AIM OF THE TASK » Skip the pictures. Retype exactly, and only, the lines between the line holding "Костюм для девочек, летняя" and the last line below, inclusive.

SUPPLIED INFORMATION »
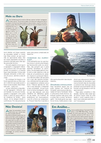 para uma pesca complicada se assim for. Vaidosas ou curiosas? Uma artimanha que se usa muitas vezes é colocar uma missanga fluorescente junto ao anzol. Não, não pensem que é para apanhar bacalhaus ou peixeplano. As douradas aderem muito bem a este sistema e não se trata de um problema de vaidade. O peixe é curioso por natureza e não tem mãos, daí que para ver o que são aqueles acessórios coloridos tem de aproximarse e estabelecer contacto com a boca. Trata-se apenas de chamar a sua atenção e despertar a sua curiosidade. Já que tocámos no tema montagens, refirase que são básicas, com dois estralhos de diâmetros iguais ao da madre, em 0,40mm, de preferência em fluorocarbono, com 45 a 50cm de comprimento. Pescar mais fino é suicídio e
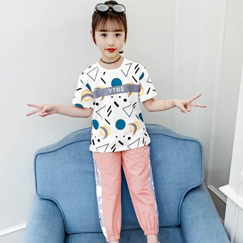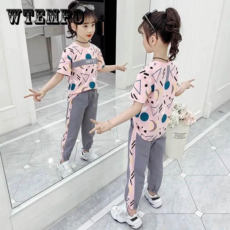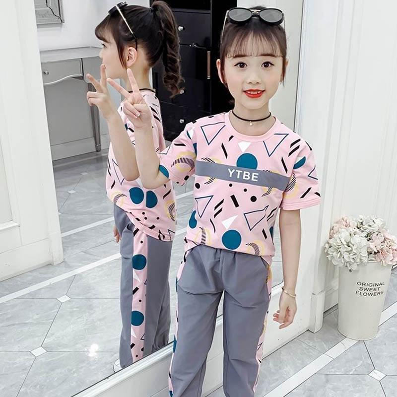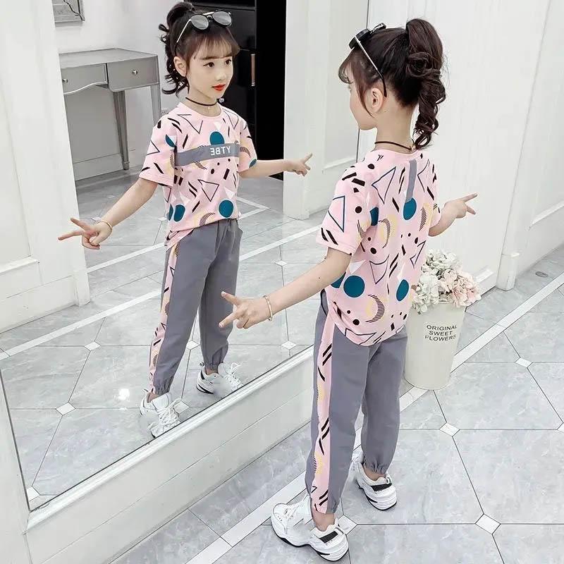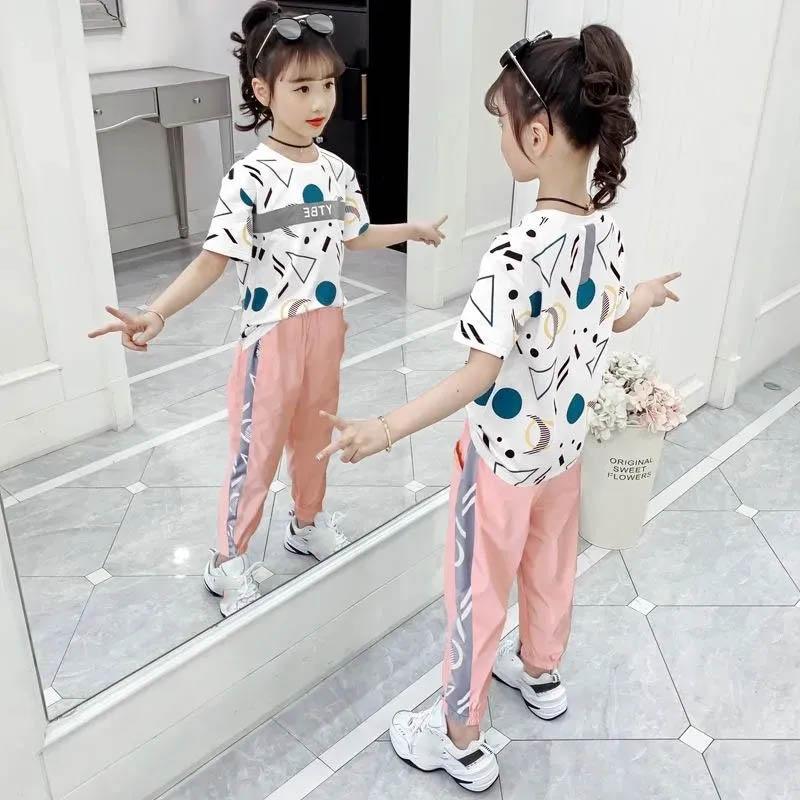 Костюм для девочек, летняя спортивная одежда для отдыха, свободная и дышащая детская одежда, брюки с короткими рукавами для девочек, универсальный комплект из двух предметов с принтом букв
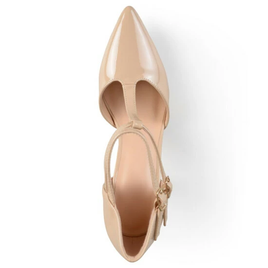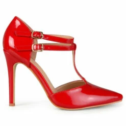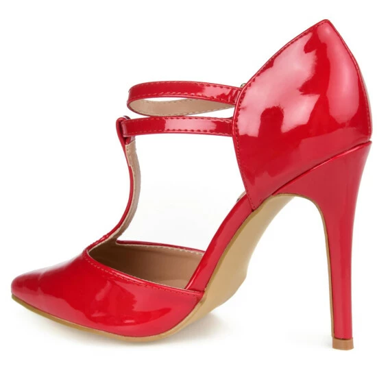 Show off stunning style in shiny t-strap pumps by Journee Collection. These sleek cut-out pumps feature premium faux leather uppers with a lustrous patent finish and a modern double t-strap design.

RESPONSE »
 Костюм для девочек, летняя спортивная одежда для отдыха, свободная и дышащая детская одежда, брюки с короткими рукавами для девочек, универсальный комплект из двух предметов с принтом букв
 Show off stunning style in shiny t-strap pumps by Journee Collection. These sleek cut-out pumps feature premium faux leather uppers with a lustrous patent finish and a modern double t-strap design.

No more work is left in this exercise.